1. The server sends the digital certificate to the browser
2. The browser uses the digital certificate of the CA built into the operating system to obtain the public key of the CA
3. The browser verifies the digital certificate of the www.helloworld.net with the CA public key
4. Specifically, the browser uses the CA public key to decrypt the signature in helloworld's digital certificate to obtain a digest D1
5. The browser calculates the digest D2 of the certificate based on the digest algorithm in the helloworld digital certificate
6. Compare whether D1 and D2 are equal.
7. If not, the certificate is dropped
8. If equal, the certificate validation passed.

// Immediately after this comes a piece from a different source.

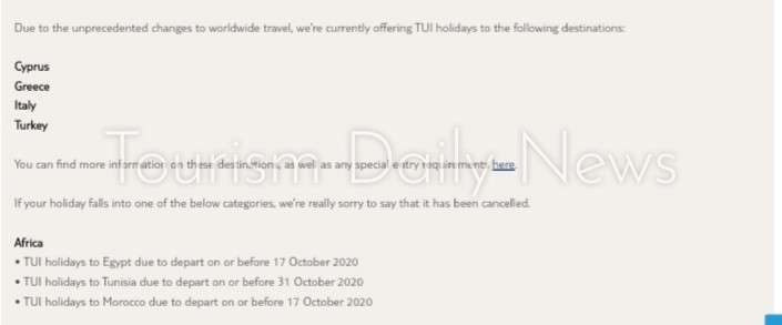 وأصدرت توى البريطانية على موقعها الإلكترونى، قائمة بالعطلات التى ألغتها بداية من سبتمبر وحتى نهاية العام، والتى من بينها مصر وإسبانيا واليونان والبرتغال وتونس والمكسيك والمغرب.

• Negotiate a symmetric encryption key phase
• The browser verifies the digital certificate after it is passed

1. The browser gets the public key in the digital certificate, which is the public key of the www.helloworld.net website
2. After the browser has the public key of the website, it encrypts the key S with the public key, and sends the ciphertext after encryption to the server
3. After the server receives the ciphertext, it decrypts it with its own private key to obtain the key S
4. After that, the browser, the server and the two sides use the key S for symmetric encrypted communication.

After terminating the story, it was finally finished, and it took a whole day

There are so many processes, in fact, it is very simple to grasp a few key questions, essentially two people, how to communicate safely and efficiently

Let's briefly summarize again, using a question-and-answer approach, I think it's better

Question 1: How to do Xiaoming and Xiaohua communicate securely?

A: By encryption

Question 2: Which encryption method is more efficient to communicate?

A: Symmetric encryption

Because, one-way encryption, there is no way to decrypt, no

Asymmetric encryption, too slow, and no

Only symmetric encryption, fast

Question 3: How can the key S be transmitted securely using symmetric encryption?

Answer: Xiaohua uses Bob's public key to encrypt the key S and pass it to Bob

Bob decrypts it with his private key

Question 4: How does Bob securely transmit his public key to Xiaohua?

A: Use digital certificates

Specifically, Bob applies to the CA for a digital certificate of his own and puts his public key in the certificate

Bob sends the digital certificate to Xiaohua

Question 5: How does Xiaohua verify the authenticity of digital certificates?

Answer: Xiaohua uses the digital certificate of the CA built into the operating system to obtain the public key of the CA, and uses the public key of the CA to verify and sign the digital certificate

The signature verification is passed, indicating that the digital certificate is genuine.

The above questions, I hope readers ask themselves more, if it is themselves, how should they solve this problem.